[Items from a data source]
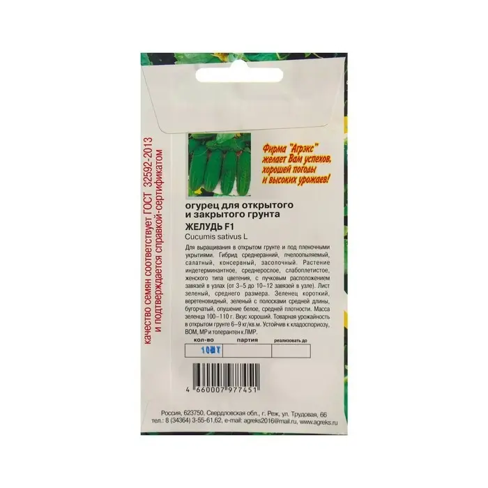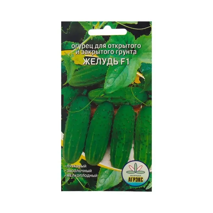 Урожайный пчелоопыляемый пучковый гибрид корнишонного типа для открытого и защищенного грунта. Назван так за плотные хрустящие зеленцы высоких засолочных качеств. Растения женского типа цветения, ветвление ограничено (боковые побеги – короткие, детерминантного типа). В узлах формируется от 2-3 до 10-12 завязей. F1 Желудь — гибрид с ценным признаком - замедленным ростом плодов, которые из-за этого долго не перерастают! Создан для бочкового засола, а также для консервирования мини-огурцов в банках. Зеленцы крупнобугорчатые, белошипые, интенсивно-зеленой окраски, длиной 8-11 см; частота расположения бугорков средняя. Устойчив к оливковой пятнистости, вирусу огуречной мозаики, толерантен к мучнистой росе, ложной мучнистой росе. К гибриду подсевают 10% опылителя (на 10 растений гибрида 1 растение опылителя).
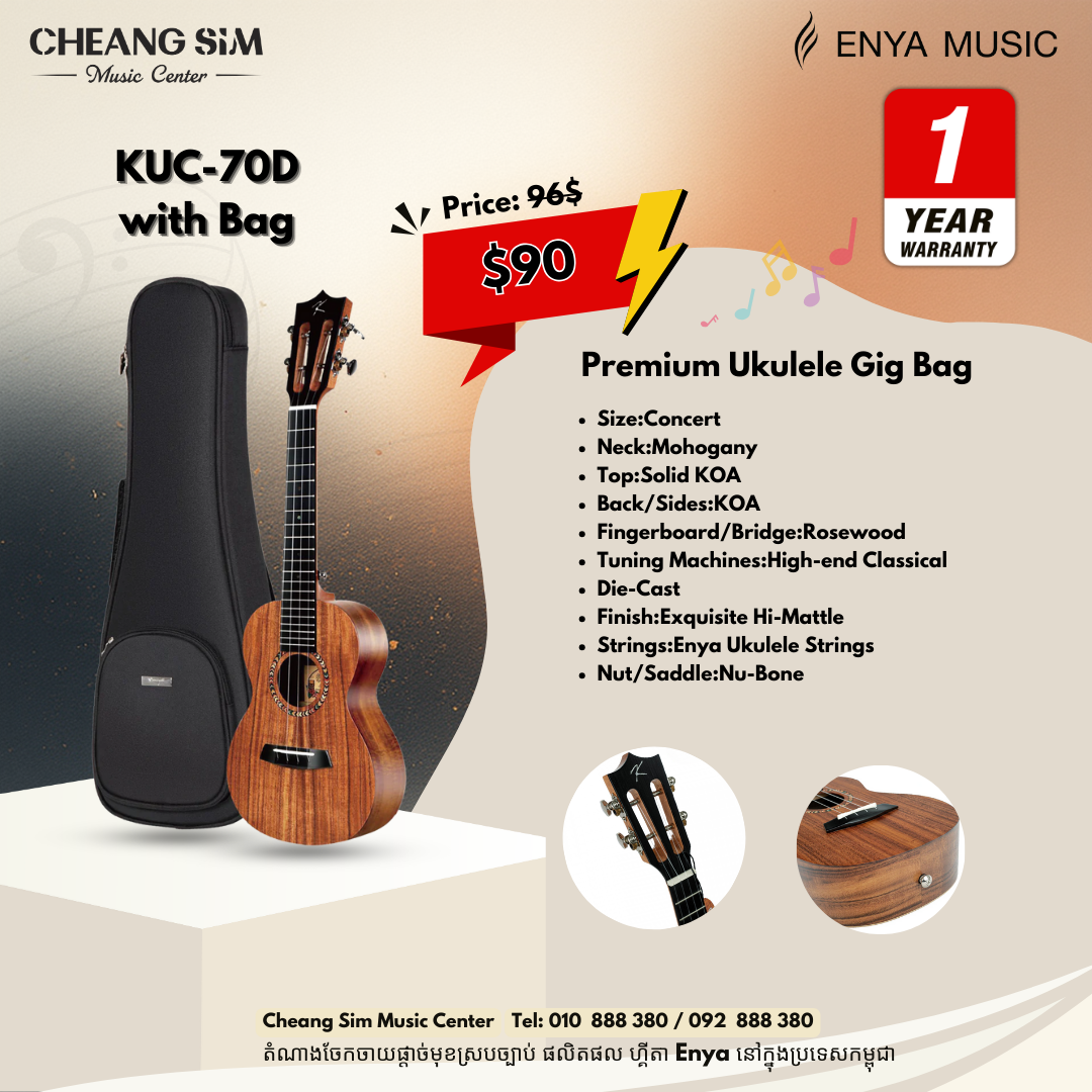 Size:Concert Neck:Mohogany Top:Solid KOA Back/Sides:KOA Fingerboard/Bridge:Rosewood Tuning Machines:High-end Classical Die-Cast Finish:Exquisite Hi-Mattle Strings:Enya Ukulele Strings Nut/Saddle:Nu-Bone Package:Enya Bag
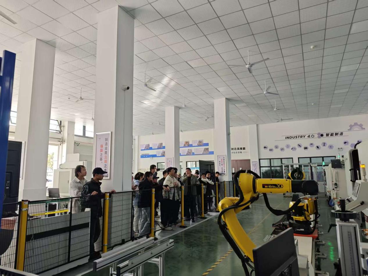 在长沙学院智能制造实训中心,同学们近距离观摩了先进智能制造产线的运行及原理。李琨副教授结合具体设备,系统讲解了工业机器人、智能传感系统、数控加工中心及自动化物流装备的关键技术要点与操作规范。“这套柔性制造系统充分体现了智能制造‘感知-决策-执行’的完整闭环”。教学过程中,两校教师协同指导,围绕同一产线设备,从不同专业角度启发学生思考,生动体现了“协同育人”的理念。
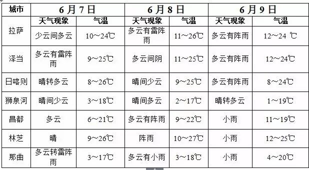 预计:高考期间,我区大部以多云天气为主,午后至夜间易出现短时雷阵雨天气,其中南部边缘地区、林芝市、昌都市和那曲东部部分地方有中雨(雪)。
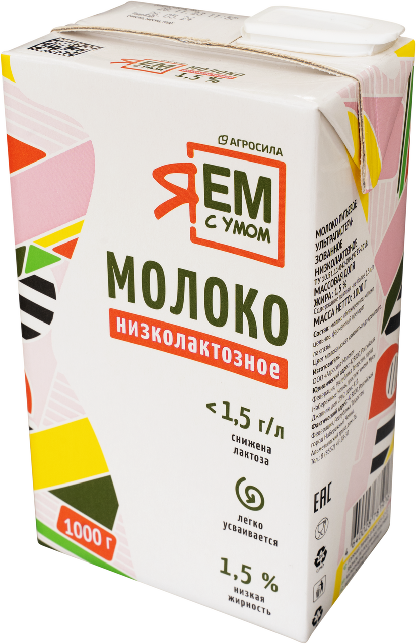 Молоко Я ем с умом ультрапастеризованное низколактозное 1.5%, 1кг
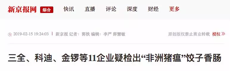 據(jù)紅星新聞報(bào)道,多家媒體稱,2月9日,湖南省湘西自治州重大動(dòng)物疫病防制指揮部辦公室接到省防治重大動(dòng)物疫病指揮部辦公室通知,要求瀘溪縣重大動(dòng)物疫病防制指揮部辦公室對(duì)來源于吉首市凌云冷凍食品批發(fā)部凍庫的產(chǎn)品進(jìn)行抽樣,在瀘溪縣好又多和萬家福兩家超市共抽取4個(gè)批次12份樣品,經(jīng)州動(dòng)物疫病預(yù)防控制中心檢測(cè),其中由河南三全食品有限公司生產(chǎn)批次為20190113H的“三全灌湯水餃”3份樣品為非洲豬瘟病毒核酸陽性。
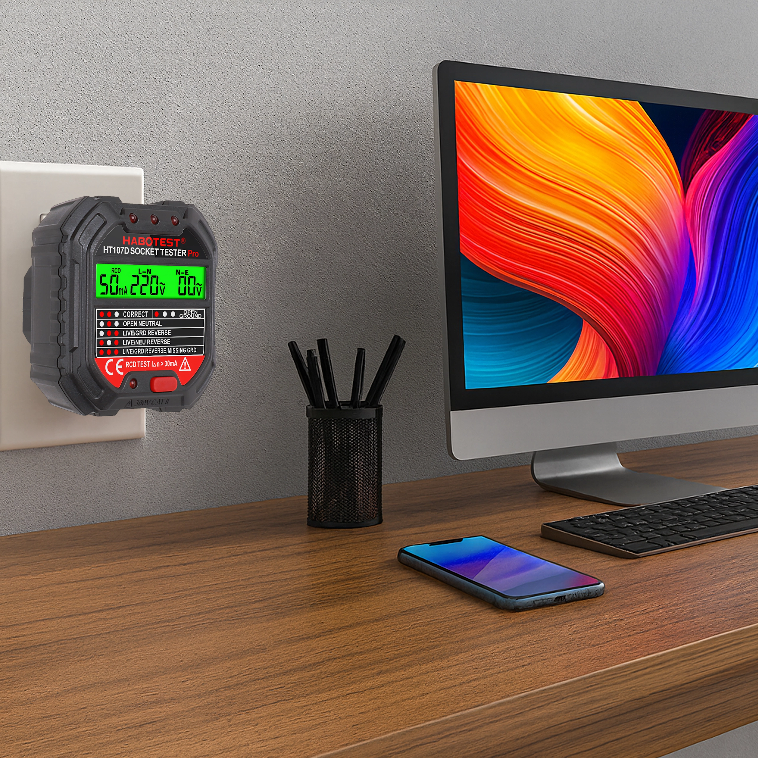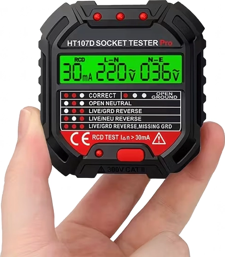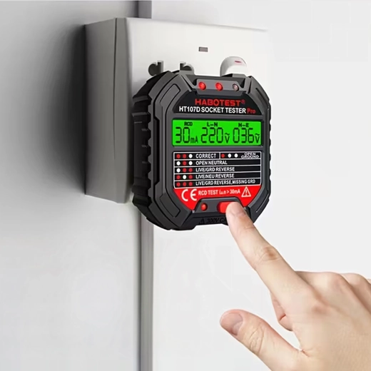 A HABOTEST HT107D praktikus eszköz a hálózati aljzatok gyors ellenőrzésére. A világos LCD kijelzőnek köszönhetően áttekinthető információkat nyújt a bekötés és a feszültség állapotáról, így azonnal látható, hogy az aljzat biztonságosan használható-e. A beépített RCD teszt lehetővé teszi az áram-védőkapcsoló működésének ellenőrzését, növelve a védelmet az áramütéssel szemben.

* * *

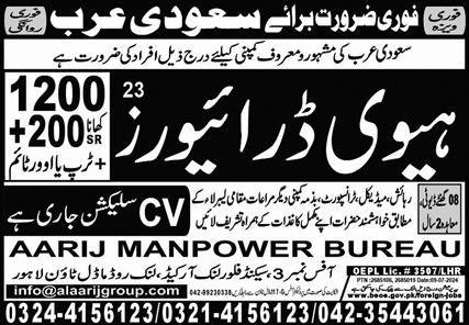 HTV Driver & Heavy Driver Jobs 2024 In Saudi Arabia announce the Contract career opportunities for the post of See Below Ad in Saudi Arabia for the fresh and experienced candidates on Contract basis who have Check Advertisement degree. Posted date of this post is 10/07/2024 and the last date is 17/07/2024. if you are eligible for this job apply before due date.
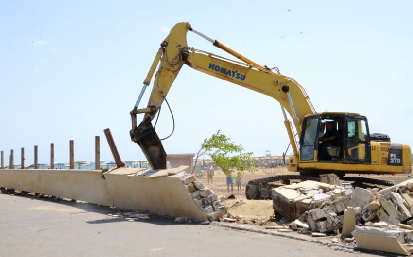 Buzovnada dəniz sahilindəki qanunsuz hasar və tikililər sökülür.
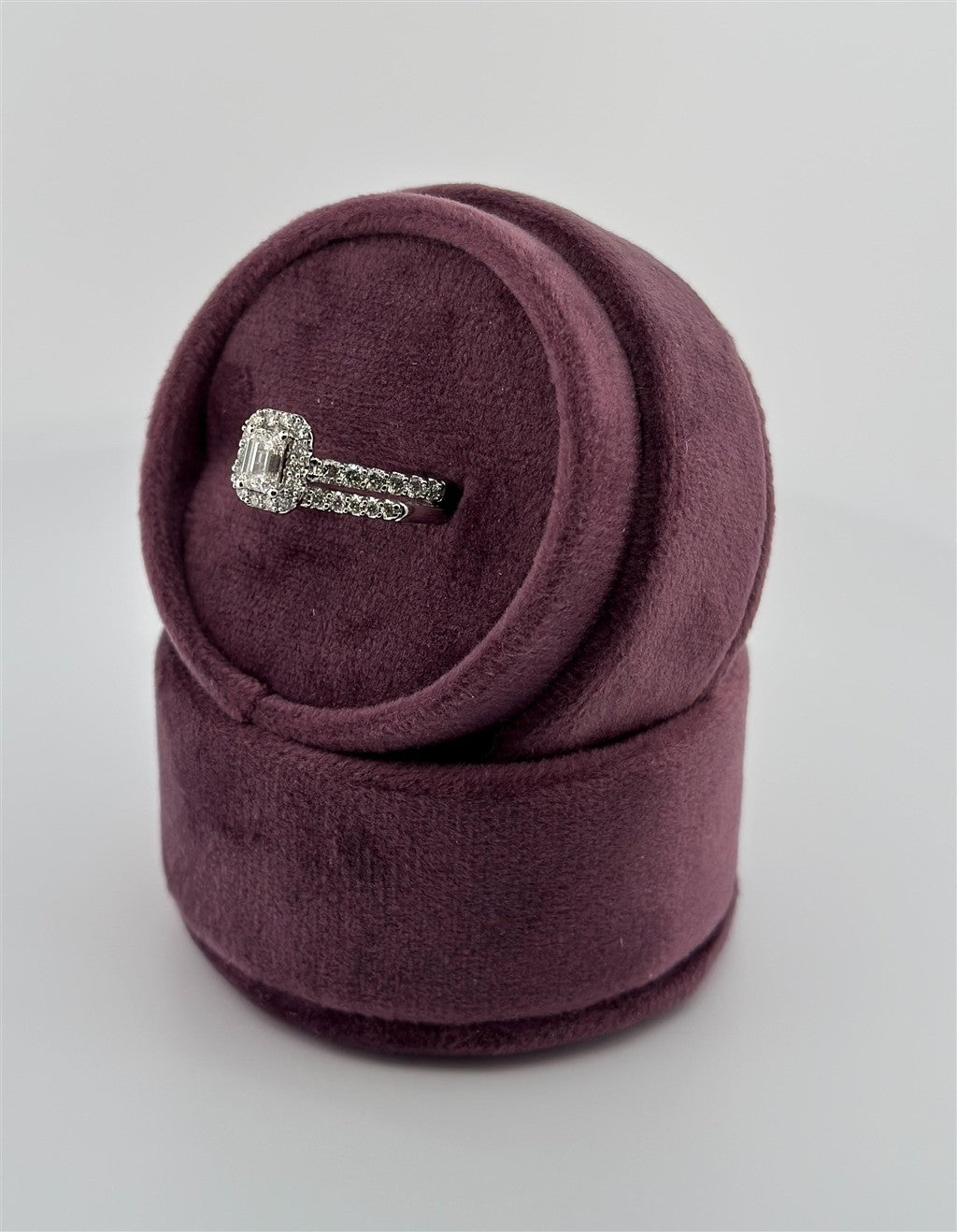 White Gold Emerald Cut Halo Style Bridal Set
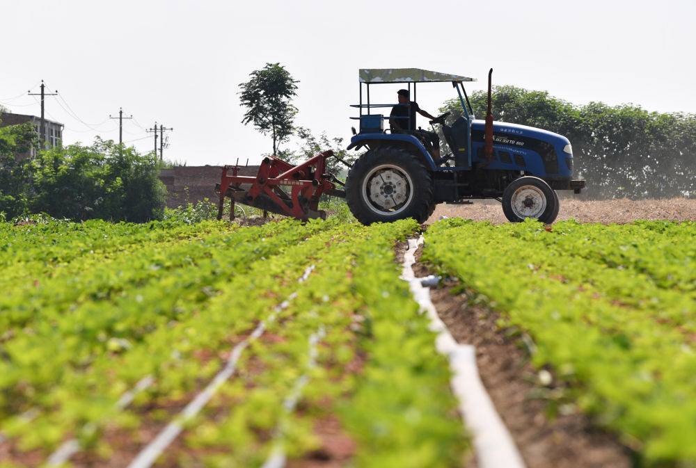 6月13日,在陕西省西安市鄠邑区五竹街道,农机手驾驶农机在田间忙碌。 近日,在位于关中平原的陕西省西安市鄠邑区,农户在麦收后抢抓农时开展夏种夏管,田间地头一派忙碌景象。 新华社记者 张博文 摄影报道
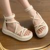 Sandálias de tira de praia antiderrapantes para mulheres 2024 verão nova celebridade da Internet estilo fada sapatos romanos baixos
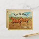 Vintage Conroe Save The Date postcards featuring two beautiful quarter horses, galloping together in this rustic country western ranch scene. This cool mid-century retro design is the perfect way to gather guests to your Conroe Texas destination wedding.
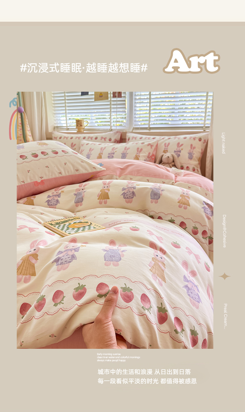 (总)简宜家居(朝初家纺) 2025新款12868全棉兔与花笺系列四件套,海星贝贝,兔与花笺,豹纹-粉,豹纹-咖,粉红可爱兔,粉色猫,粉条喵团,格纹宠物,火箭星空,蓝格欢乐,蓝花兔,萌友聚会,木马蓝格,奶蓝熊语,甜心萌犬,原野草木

| Work order |
Give back exactly the lines above that run from the one with "预计:高考期间,我区大部以多" to the one with "據(jù)紅星新聞報(bào", including both, with the pictures left out.

| Response to this exercise |
 预计:高考期间,我区大部以多云天气为主,午后至夜间易出现短时雷阵雨天气,其中南部边缘地区、林芝市、昌都市和那曲东部部分地方有中雨(雪)。
 Молоко Я ем с умом ультрапастеризованное низколактозное 1.5%, 1кг
 據(jù)紅星新聞報(bào)道,多家媒體稱,2月9日,湖南省湘西自治州重大動(dòng)物疫病防制指揮部辦公室接到省防治重大動(dòng)物疫病指揮部辦公室通知,要求瀘溪縣重大動(dòng)物疫病防制指揮部辦公室對(duì)來源于吉首市凌云冷凍食品批發(fā)部凍庫的產(chǎn)品進(jìn)行抽樣,在瀘溪縣好又多和萬家福兩家超市共抽取4個(gè)批次12份樣品,經(jīng)州動(dòng)物疫病預(yù)防控制中心檢測(cè),其中由河南三全食品有限公司生產(chǎn)批次為20190113H的“三全灌湯水餃”3份樣品為非洲豬瘟病毒核酸陽性。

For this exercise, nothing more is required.